Extreme degradation of existing model when running the Dreambooth script #31

jslegers · 2022-10-10T16:26:01Z

Describe the bug

I did some testing regarding the impact of Dreambooth on different prompts, using the same seed.

Pretty much all of my tests produced results similar to this, when running running Dreambooth with class "man" and concept "johnslegers" :

Reproduction

Just run Dreambooth once, with "man" as a class and pretty much anything as a concept identifier.

Then compare output of "man" & a celebrity (eg. "Johnny Depp") of the original model with the new model. You'll notice rather extreme degradation.

I've tried using different config, but to no avail. The degradation persists. The degradation persists no matter how many input pics I use, how many class pics I use, what value I use for prior preservation, etc.

Logs

No response

System Info

The issue is system-independent.

See also huggingface#712

ShivamShrirao · 2022-10-19T13:18:57Z

Hi, I have made some updates, Try out the new colab.

jslegers · 2022-10-23T22:22:43Z

Why is this issue closed?

I tried it out after the updates yesterday, with various different settings, but I barely noticed a difference.

Especially the overcooking of Johnny Depp keeps persisting, unless I lower the number of training steps low enouh the result for the trained subject no longer looks like me.

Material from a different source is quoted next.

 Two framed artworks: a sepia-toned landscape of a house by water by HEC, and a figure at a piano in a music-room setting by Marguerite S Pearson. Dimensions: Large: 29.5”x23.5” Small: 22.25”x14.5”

IMO the issue is far from fixed!

ShivamShrirao · 2022-10-23T22:27:41Z

You may be using old code, I have yet to encounter overcooking in any of experiments after the update.
Do share all your training parameters and inference code.

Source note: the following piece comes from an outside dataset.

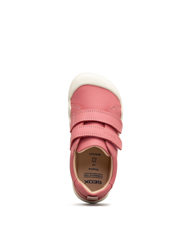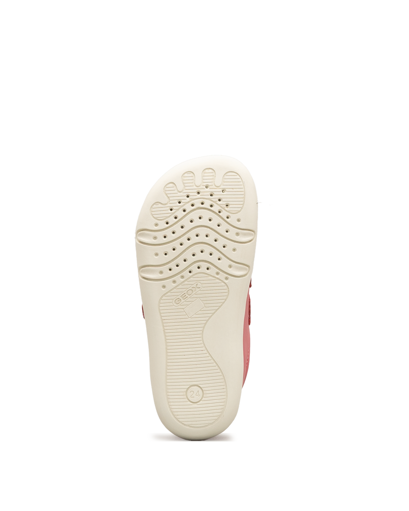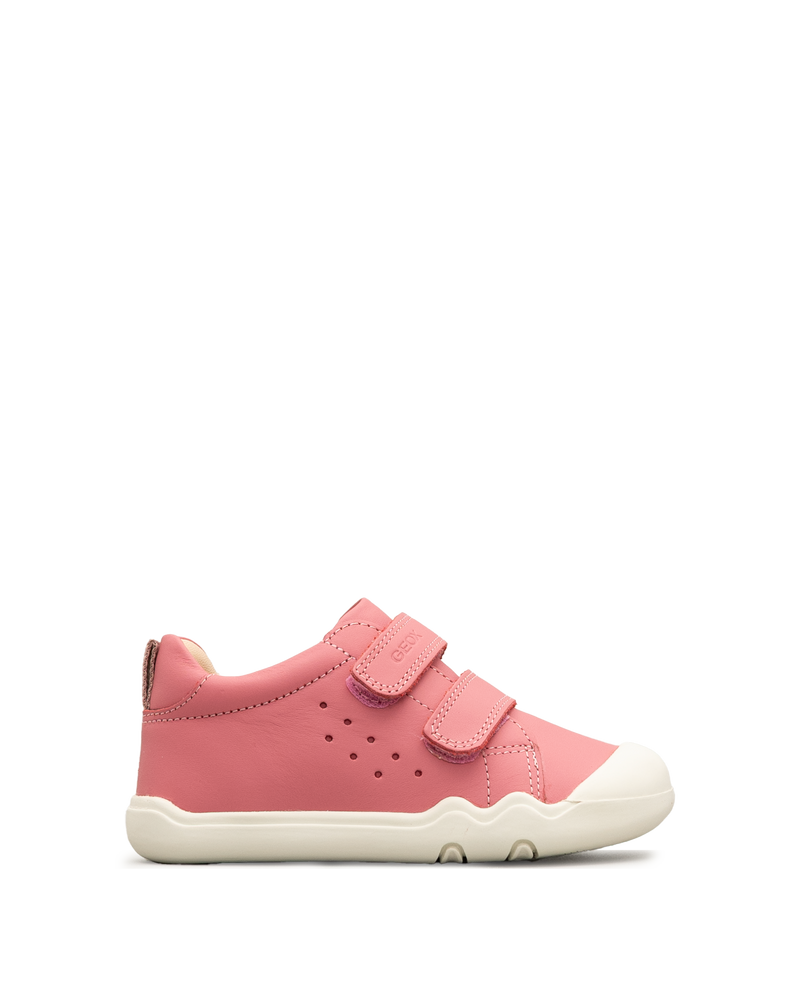 Ces chaussures pour bébé offrent un excellent maintien tout en favorisant la respiration du pied. Le bout renforcé protège les petits orteils durant les explorations. Dotées de deux velcros, elles sont faciles à enfiler et à ajuster. Geox propose ici une chaussure pratique et confortable pour les premiers pas.

jslegers · 2022-10-23T23:06:02Z

The script I've been using can be found on https://github.com/jslegers/diffusers/blob/main/examples/dreambooth/DreamBooth_Stable_Diffusion.ipynb. It's basically just your Google Colab script with a few changes for my own convenience.

I recloned https://github.com/jslegers/diffusers from https://github.com/ShivamShrirao/diffusers yesterday to make sure the code underneath the Colab script was identical to yours, and I added the new flag to my Colab.

So everything should be up to date!

I tried several different values for number of training steps (between 800 and 3000), number of class images (between 400 and 3500), weigh loss weight (between 0.1 and 1.0), learning rate (between 5e-7 and 5e-5) and adam weight decay (between 1e-3 and 1e-2), but those only produced worse results. The rest of the parameters in the script, I believe, we the ones that produced the BEST results.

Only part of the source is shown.